RX: +CIPRECVLEN:2710,-1,-1,-1,-1
RX: 
RX: OK
0000030|D|lwesp   |[LWESP MEM] Allocation OK: 2076 bytes, addr: 0x2002af18

0000030|D|lwesp   |[LWESP PBUF] Allocated 2048 bytes on 0x2002af18

TX: AT+CIPRECVDATA=0,2048
0000030|D|lwesp   |[LWESP MEM] Callocation OK: 16 bytes, addr: 0x2002b73c

0000030|D|lwesp   |[LWESP CONN] Poll event: 0x2002ced4

0000030|D|lwesp   |[LWESP MEM] Free size: 16, address: 0x2002aeac

RX: +CIPRECVDATA:2048,"x.x.x.x",8443,HTTP/1.1 200 OK
RX: <REMAINING DATA>
RX: OK
0000030|D|lwesp   |[LWESP IPD] New length to read: 2047 bytes

0000030|D|lwesp   |[LWESP IPD] Bytes read: 2047

0000030|D|lwesp   |[LWESP NETCONN] Received pbuf contains 2048 bytes. Handle written to receive mbox

TX: AT+CIPRECVLEN?
0000030|W|http    |Got buffer
0000030|W|http    |Buffer size: 2048, 2048
0000030|D|lwesp   |[LWESP PBUF] Deallocating 0x2002af18 with len/tot_len: 2048/2048

0000030|D|lwesp   |[LWESP MEM] Free size: 2076, address: 0x2002af18

RX: +CIPRECVLEN:0,-1,-1,-1,-1
RX: 
RX: OK
0000030|D|lwesp   |[MSG VAR] Free memory: 0x2002aec4

0000030|D|lwesp   |[LWESP MEM] Free size: 76, address: 0x2002aec4

0000031|D|lwesp   |[LWESP MEM] Callocation OK: 16 bytes, addr: 0x2002aeac

0000031|D|lwesp   |[LWESP CONN] Poll event: 0x2002ced4

0000031|D|lwesp   |[LWESP MEM] Free size: 16, address: 0x2002b73c

0000031|D|lwesp   |[LWESP MEM] Callocation OK: 16 bytes, addr: 0x2002aec4

Note that due to threading, the sequencing between the 3 channels (RX, TX, and unprefixed one) might be a bit off

MaJerle commented 2 years ago

I see a problem because esp replies no data on second cipdatalen call, hence no read and netconn receive stall.

vitorb-rzero commented 2 years ago

Yeah, that's the point I'm unsure about the problem being ESP AT, or the LWESP library. So in your opinion this is a ESP AT bug?

As a workaround, is there a way to use the passive communication mode in lwesp, so that the ESP sends data as they come, instead of the host needing to ask for it?
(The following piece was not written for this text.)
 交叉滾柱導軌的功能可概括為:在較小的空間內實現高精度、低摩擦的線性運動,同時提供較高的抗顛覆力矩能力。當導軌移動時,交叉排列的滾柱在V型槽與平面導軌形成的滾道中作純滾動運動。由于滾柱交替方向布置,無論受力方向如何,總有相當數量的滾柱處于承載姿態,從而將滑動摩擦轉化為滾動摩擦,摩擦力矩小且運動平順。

MaJerle commented 2 years ago

I removed option to get data directly. It was available in the past.

If rx data is all you have from device, then the issue is espreeif device, not my lib.
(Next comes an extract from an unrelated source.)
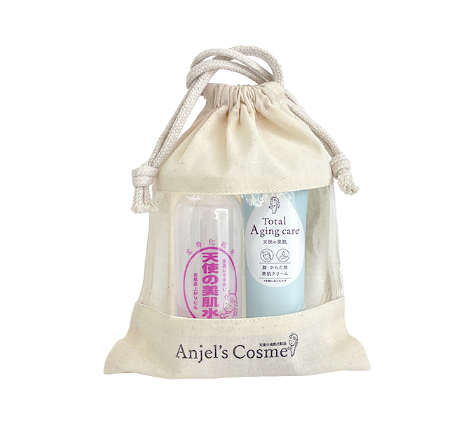 当セットは、シンプルな処方でデリケートな肌に配慮しながらしっかりうるおう「天使の美肌水(しっとり)」と、エイジングケアクリームをお試しサイズでご用意しました。

vitorb-rzero commented 2 years ago

I've been running more tests and diving deeper into this issue, and it seems possible that I'm hitting a problem related to https://github.com/espressif/esp-at/issues/280, so due to concurrency, AT+CIPRECVLEN return 0 because data is still being processed by the ESP stack somehow. In that case, polling AT+CIPRECVLEN should solve the problem.
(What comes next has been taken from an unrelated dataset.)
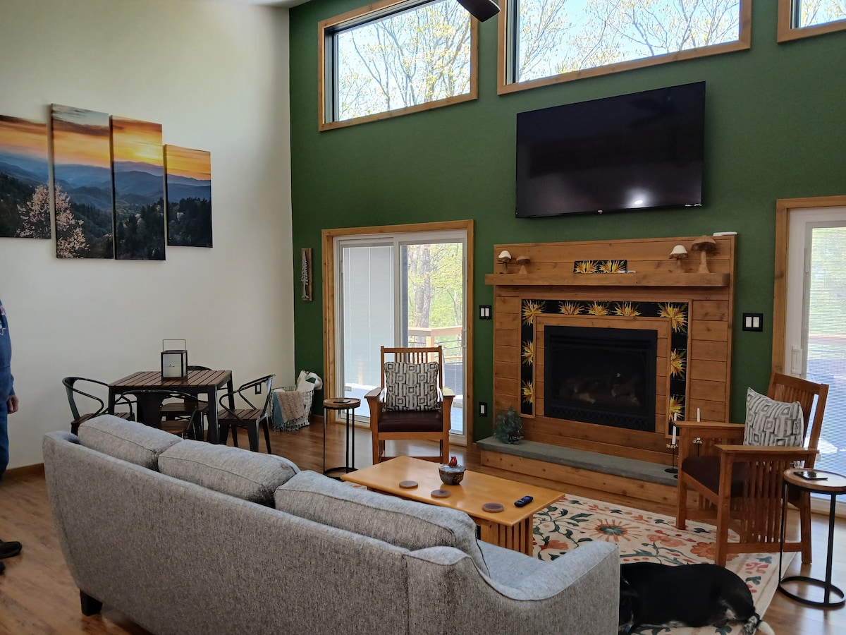 Bine ai venit la refugiul tău confortabil din Poconos! Această locuință elegantă are un aspect deschis, tavane catedrale și o sală de jocuri. Dormi liniștit cu un pat matrimonial, paturi matrimoniale și paturi duble, plus o canapea extensibilă pentru spațiu suplimentar. Bucură-te de bucătăria noastră modernă, de dotările potrivite pentru familii și de apropierea de atracții de top, cum ar fi Kalahari și Muntele Camelback (15-20 min). Relaxează-te lângă vatra de foc, relaxează-te în natură sau explorează traseele de drumeții din apropiere. Rezervă acum pentru o escapadă memorabilă!

Do you have a sense of a good place to hack this into lwesp for testing?

MaJerle commented 2 years ago

Try to remove this if statement for tcp_available_length and only keep check for being active.

https://github.com/MaJerle/lwesp/blob/d27d9c0cb377a5dc092e1ee79bc9f73179585f9a/lwesp/src/lwesp/lwesp_conn.c#L118

But then it will periodically check every (I think 1 seconds) polling mode. Edit: Period will be CONN_POLL timing, as set in configuration

vitorb-rzero commented 2 years ago

That made the device poll for data, but unfortunately ESP still reports no data in that case. I'm digging deeper

MaJerle commented 2 years ago

So it is not lib issue - I will close the ticket.